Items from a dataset
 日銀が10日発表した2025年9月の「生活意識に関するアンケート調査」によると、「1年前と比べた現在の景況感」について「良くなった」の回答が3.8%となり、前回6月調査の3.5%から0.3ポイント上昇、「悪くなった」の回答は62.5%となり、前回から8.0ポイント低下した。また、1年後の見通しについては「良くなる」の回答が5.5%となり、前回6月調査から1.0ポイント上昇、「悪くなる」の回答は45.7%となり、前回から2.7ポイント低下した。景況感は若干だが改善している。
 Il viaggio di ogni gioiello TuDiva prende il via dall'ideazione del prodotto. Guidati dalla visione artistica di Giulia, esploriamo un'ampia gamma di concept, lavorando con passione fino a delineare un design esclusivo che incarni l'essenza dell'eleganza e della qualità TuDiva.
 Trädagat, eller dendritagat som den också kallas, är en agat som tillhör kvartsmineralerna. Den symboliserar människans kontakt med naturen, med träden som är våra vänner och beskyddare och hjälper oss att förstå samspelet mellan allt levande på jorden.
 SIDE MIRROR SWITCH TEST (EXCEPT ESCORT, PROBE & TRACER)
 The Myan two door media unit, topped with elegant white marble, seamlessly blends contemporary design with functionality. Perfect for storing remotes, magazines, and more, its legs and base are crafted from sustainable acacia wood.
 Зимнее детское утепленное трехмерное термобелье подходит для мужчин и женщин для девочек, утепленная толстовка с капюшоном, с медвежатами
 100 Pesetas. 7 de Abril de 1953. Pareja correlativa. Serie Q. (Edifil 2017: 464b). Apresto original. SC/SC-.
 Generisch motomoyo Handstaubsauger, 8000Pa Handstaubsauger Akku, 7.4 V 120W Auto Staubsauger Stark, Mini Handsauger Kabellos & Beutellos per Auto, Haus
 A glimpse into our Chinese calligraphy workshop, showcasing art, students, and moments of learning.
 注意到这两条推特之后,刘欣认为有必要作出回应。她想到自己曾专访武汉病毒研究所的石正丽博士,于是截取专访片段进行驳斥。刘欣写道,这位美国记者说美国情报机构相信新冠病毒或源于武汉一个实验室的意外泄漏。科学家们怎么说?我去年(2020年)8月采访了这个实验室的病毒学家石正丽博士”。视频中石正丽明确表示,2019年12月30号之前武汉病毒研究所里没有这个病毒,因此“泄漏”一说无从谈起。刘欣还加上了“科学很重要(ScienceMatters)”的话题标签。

TASK PROMPT: Display each line of the data where "design" occurs.

SOLUTION TO THIS PROBLEM:
 Il viaggio di ogni gioiello TuDiva prende il via dall'ideazione del prodotto. Guidati dalla visione artistica di Giulia, esploriamo un'ampia gamma di concept, lavorando con passione fino a delineare un design esclusivo che incarni l'essenza dell'eleganza e della qualità TuDiva.
 The Myan two door media unit, topped with elegant white marble, seamlessly blends contemporary design with functionality. Perfect for storing remotes, magazines, and more, its legs and base are crafted from sustainable acacia wood.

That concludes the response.